#### AVAILABLE RECORDS
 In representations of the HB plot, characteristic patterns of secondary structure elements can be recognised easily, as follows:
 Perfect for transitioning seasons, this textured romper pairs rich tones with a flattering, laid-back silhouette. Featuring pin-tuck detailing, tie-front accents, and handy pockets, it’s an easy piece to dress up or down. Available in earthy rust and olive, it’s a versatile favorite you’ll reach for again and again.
########
#### AVAILABLE RECORDS
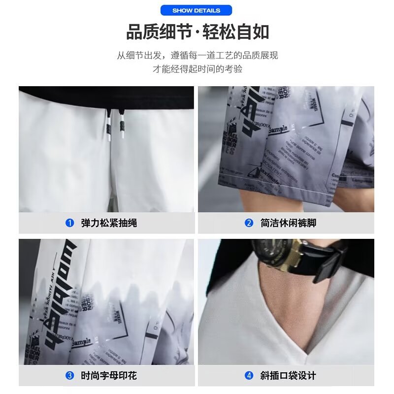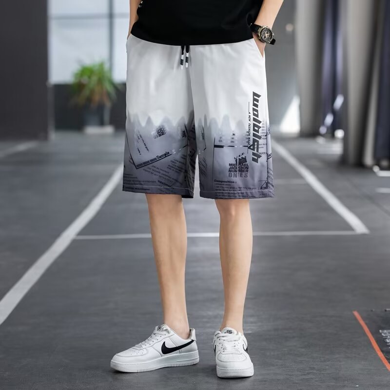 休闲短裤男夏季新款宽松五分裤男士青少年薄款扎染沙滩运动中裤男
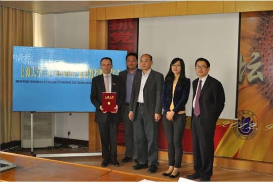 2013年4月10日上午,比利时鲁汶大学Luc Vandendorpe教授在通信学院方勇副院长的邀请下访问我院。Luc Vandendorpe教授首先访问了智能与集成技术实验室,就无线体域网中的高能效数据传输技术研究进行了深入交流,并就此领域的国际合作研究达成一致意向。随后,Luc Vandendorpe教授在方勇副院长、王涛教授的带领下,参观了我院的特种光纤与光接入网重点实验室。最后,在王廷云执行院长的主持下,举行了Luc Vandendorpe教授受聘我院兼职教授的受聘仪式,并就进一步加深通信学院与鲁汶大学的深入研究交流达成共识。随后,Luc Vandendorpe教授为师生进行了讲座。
########
#### [TRY IT]
Find where the line with "In representations of" sits in the material above, then copy exactly from it through the line with "Perfect for transitioning". Add no other line.

#### [SOLUTION]
 In representations of the HB plot, characteristic patterns of secondary structure elements can be recognised easily, as follows:
 Perfect for transitioning seasons, this textured romper pairs rich tones with a flattering, laid-back silhouette. Featuring pin-tuck detailing, tie-front accents, and handy pockets, it’s an easy piece to dress up or down. Available in earthy rust and olive, it’s a versatile favorite you’ll reach for again and again.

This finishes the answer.